But these ML companies aren't interested in abiding by any social norms at all. Only paying lip service to current laws, which were written in a time before these "AI" services were even a possibility -- skating by on technicalities, like a little brother poking the air 2 inches from your face and taunting "I'm not touching you! I'm not touching you!"

[–] [email protected] 4 points 1 year ago

Did you read the article?

[–] [email protected] 3 points 1 year ago (1 children)

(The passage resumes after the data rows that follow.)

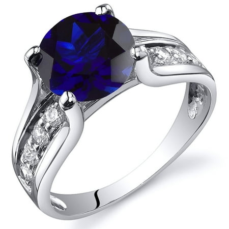 Peora 2.50 Ct Created Blue Sapphire Engagement Ring in Rhodium-Plated Sterling Silver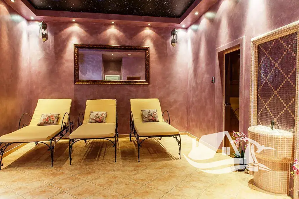 • luxusní SPA centrum: sauna, parní lázeň, šokové vědro, masážní místnost,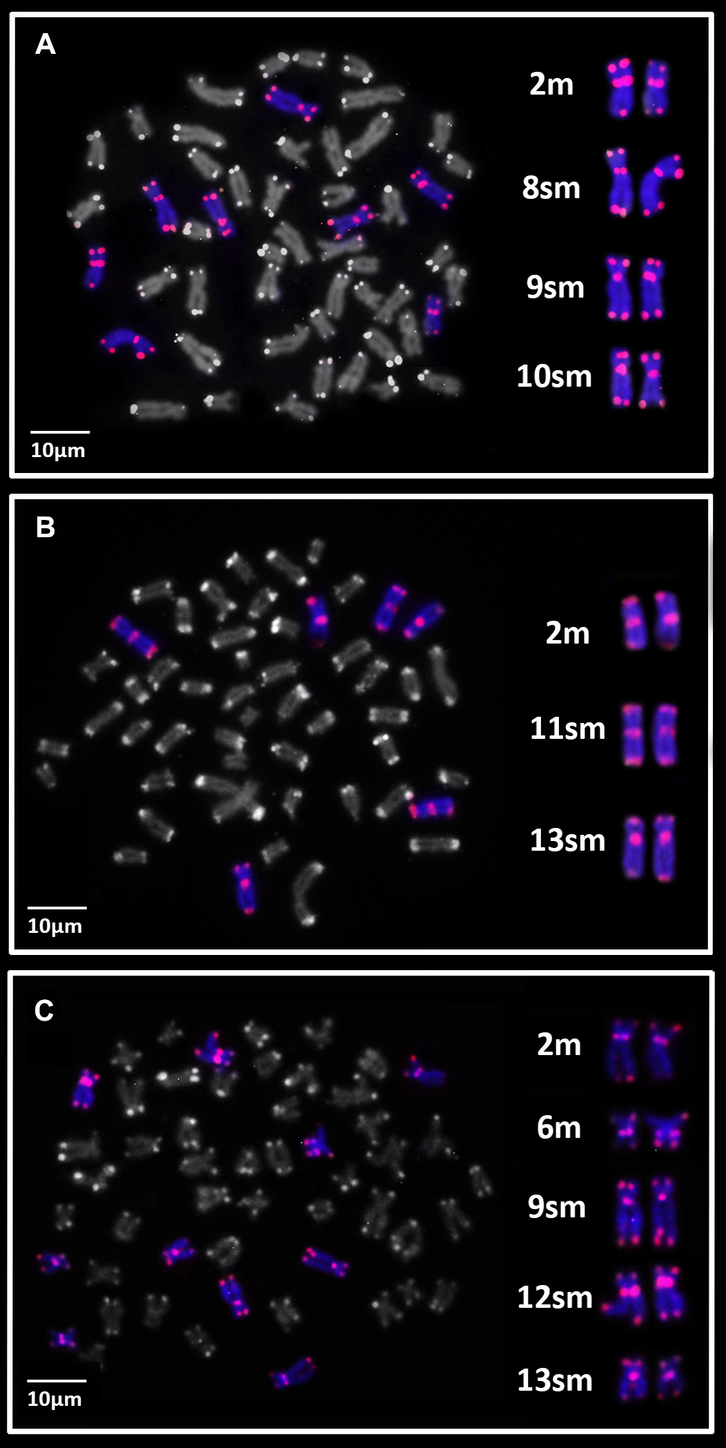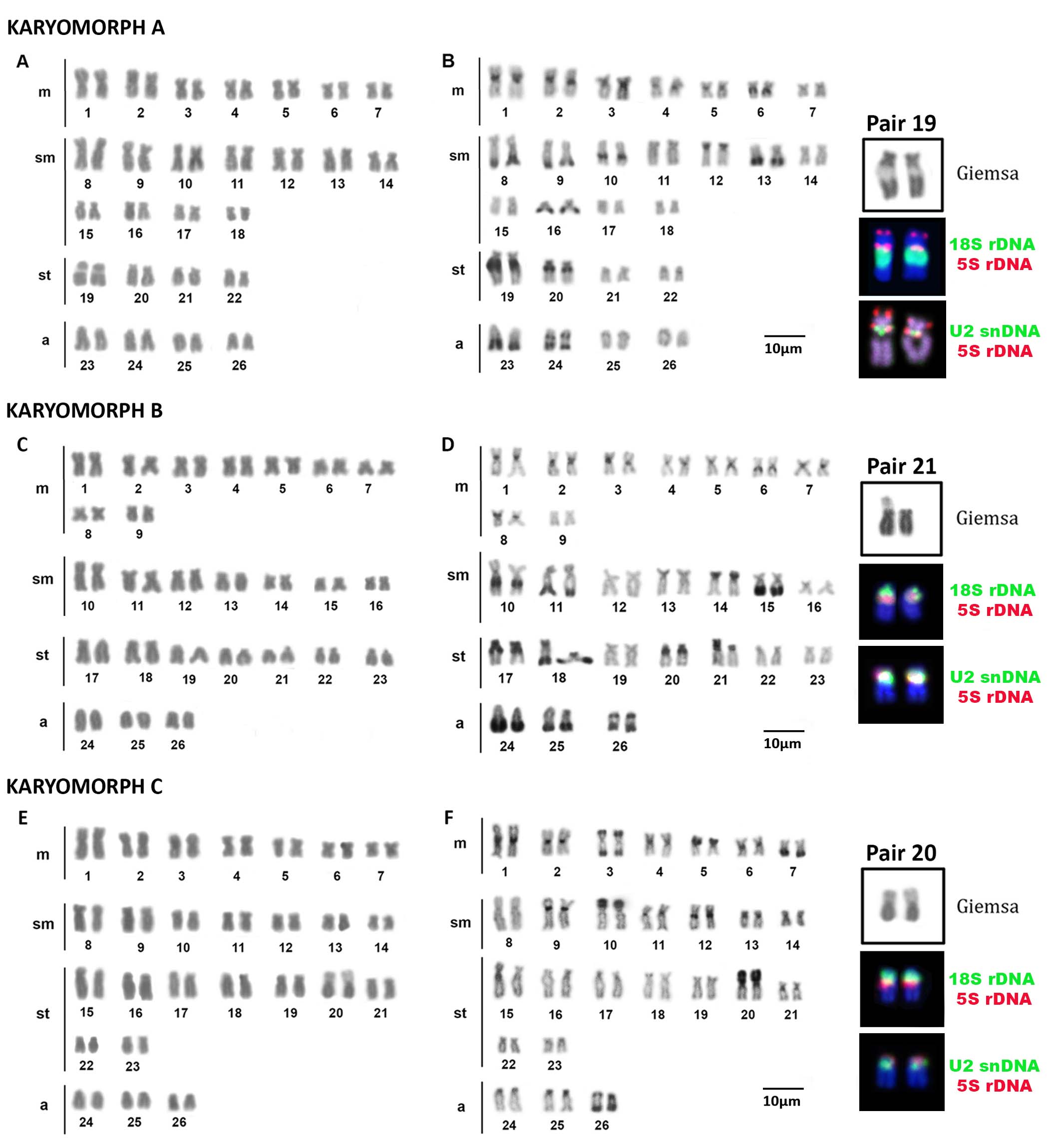Astrodoras asterifrons. Three of the eight specimens collected in the Negro River, near the Anavilhanas archipelago, exhibited 2n = 52 chromosomes and a karyotype composed of 14m + 22sm + 8st + 8a chromosomes for both sexes. These individuals were designated as Karyomorph A in this study (Fig. 2A). C-banding revealed CH blocks in pericentromeric regions of chromosome pairs 1m, 2m, 3m, 4m, and 5m; interstitial blocks on the long arm of the chromosome pairs 6m, 10sm, 19st, and 20st; terminal blocks on the short arm of chromosome pair 12sm; and terminal blocks on the long arm of chromosome pairs 8sm, 9sm, 13sm, 16sm, and 23a. The chromosome pair 24a exhibited interstitial CH on the long arm (Fig. 2B). FISH with 18S rDNA probes revealed a single site on the long arm of chromosome pair 19st (Fig. 2B – box). FISH with 5S rDNA probes revealed two sites on chromosome pair 19st: one site on the terminal position of the short arm and another site on the proximal position of the long arm (Fig. 2B – box). FISH with telomeric probes (TTAGGG)n showed fluorescent signals at the terminal positions of all chromosomes. Additionally, interstitial telomeric sites (ITSs) were observed in the chromosome pairs 2m, 8sm, 9sm, and 10sm (Fig. 3A). The U2 snDNA sites were detected in the long arm of the chromosome pair 19st (Fig. 2B – box).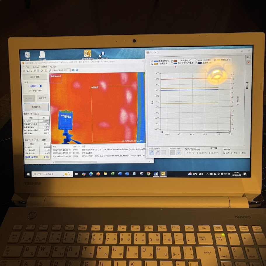 施工後に一度行ったのですが、機器に直接太陽の熱が入ってしまい、しっかりとしたデーターを取る事が出来なかったので、万全の準備をして再挑戦。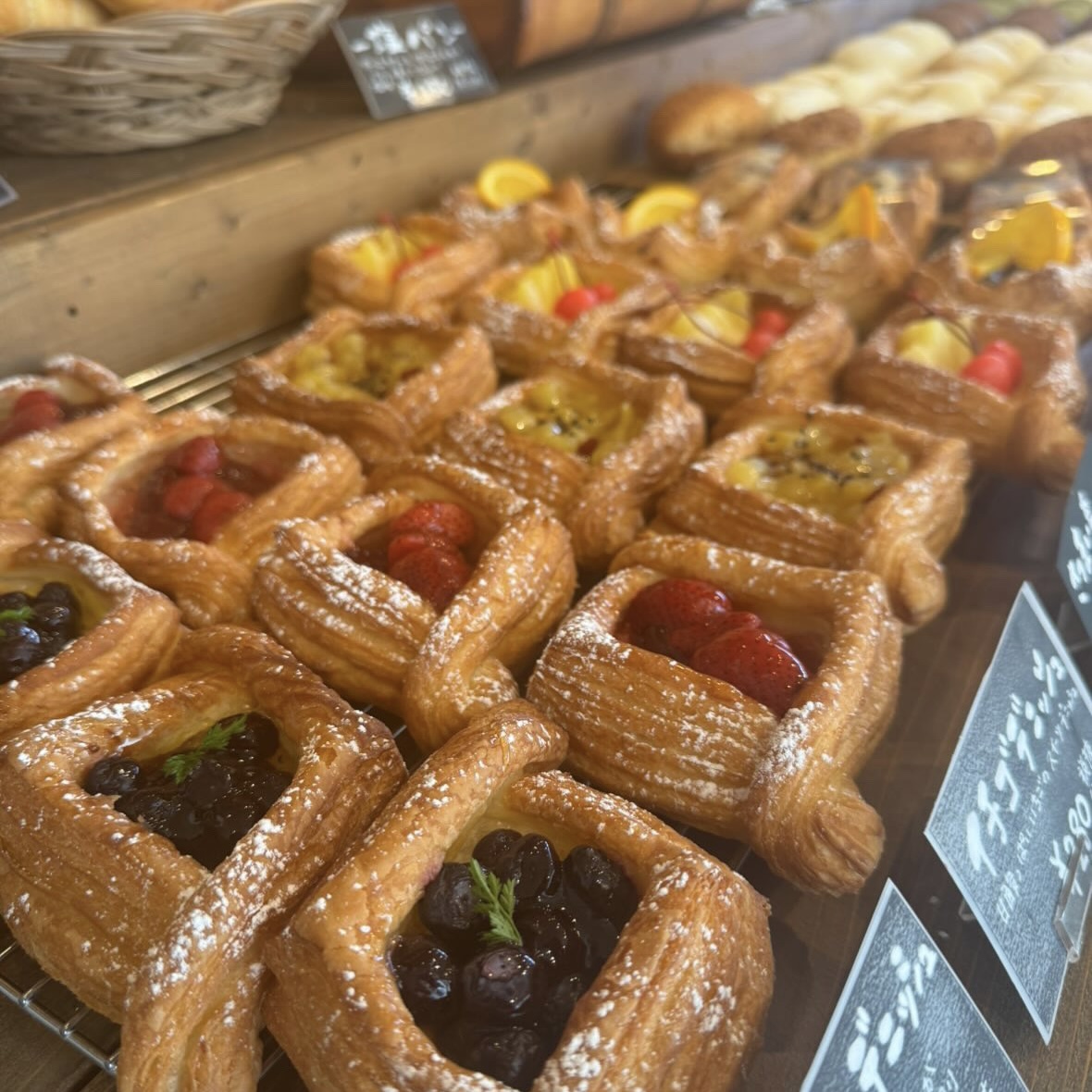 リニューアルした「こがわパン」店内に並ぶパン

It specifically says in the article that some of them are exactly that.

[–] [email protected] 3 points 1 year ago (2 children)

Where? Closest I can find is a reference to an "AI-generated nude of someone who looked like Margot Robbie, and another image of Lopez."

"Looking like" a person is not at all the same as "reproducing an exact replica of an input."

[–] [email protected] 4 points 1 year ago (1 children)

I think the idea is that if the model doesn't know what Jennifer Lopez is, it couldn't make imitations of her naked.

Realistically that ship has sailed and AI is capable enough now that even if the data wasn't there it could be pretty easily added.

It will need to become a simple fact of life. If we can imagine something now, we can have pictures of it. There is no putting this back in the bottle.

[–] [email protected] 1 points 1 year ago* (last edited 1 year ago) (1 children)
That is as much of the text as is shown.